By Lara Feigel
Lara Feigel is the author of four highly acclaimed works of cultural history and a novel. Professor of Modern Literature and Culture at King’s College London and Fellow of the Royal Society of Literature, she reviews regularly for the Guardian and contributes to a range of BBC radio programmes. Most recently, Feigel appeared as a lead contributor in the landmark BBC 1 cultural history of the interwar years, Art that Made Us, and she wrote and presented a programme about Doris Lessing for the Radio 4 prestigious Archive Hourslot.
Part Two
‘I hope I see you in Tescos, not in my courtroom.’
Most of the hearings here only last an hour, so the court day feels long. I have time to go to a hearing with Simmonds before lunch.
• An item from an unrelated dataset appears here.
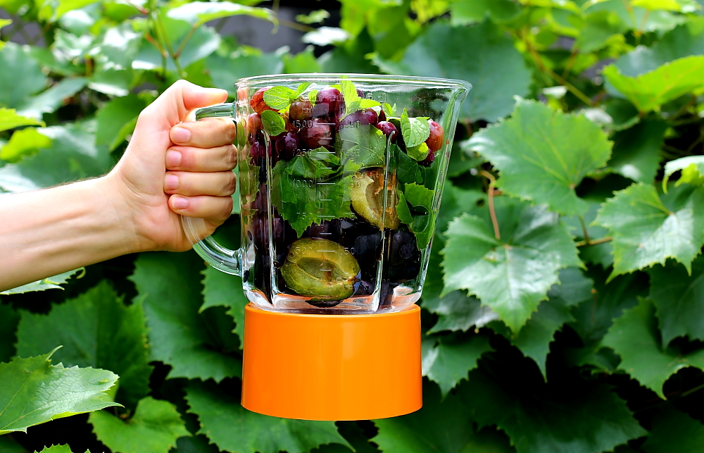 Koktajl śliwkowy z liśćmi winogron.

This family have been back in court repeatedly since they separated three years ago. Simmonds tells me that they’ve found that, since they became a Pathfinder court, the returning cases have been reduced from 15% to 1%, but there will always be cases where contact breaks down one way or another.
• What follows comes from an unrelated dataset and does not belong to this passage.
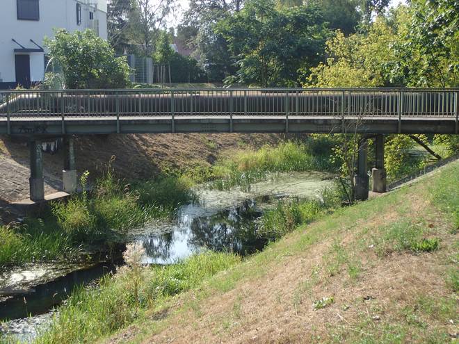 Wuhletal Wanderweg 9.06 Uhr / Km 0,3 .. und ein erstes Mal über die Wuhle drüber. |

This case involves two older primary age children – let’s call them Olivia and Jude. The initial separation was acrimonious; the mother alleges that the father abused her physically, sexually and financially – with these sexual and financial abuse allegations found by a judge at a previous fact finding hearing. The father was removed from the family home by the police with force. Since then, the father applied for contact and was given alternate weekends – initially with an overnight stay stipulated, though a judge then changed it to two consecutive days with no overnight. Olivia hasn’t seen him since the spring, when she came home with a bruise. Although Olivia attributed this injury to falling on a toy box, the mother took her to the GP and claims that she was advised to stop contact. For her part, the mother reports that Olivia had been increasingly unwilling to go to him, developing stomach aches as the visits loomed. Jude also hasn’t seen his father since June. Apparently he didn’t want to go without his sister. The mother has made it hard for the children to be seen by social workers, withdrawing consent for social worker visits at the last minute.
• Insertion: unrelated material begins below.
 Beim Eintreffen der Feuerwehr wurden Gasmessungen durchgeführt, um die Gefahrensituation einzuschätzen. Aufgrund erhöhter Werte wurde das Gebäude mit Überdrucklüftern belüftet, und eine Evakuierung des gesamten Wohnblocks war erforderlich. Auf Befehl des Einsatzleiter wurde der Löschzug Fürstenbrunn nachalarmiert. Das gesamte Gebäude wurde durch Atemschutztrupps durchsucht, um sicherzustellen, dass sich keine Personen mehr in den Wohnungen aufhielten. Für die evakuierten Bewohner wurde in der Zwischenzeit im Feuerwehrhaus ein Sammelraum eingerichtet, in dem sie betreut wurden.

When the social workers did see the children at school, Olivia said that she wanted contact with her father, though it was going to be difficult after the long gap. The mother reported that Olivia had come home saying that she didn’t in fact want to see him, and that she hadn’t understood the questions at the time. ‘Since coming home, she has been terrified, confused, agitated, distressed, anxious, withdrawn, refusing to go to school, not eating and has said clearly that she does not want to see her father.’ Jude also said that he wanted to see his father, though he particularly wanted his sister to come too and not to go on his own again.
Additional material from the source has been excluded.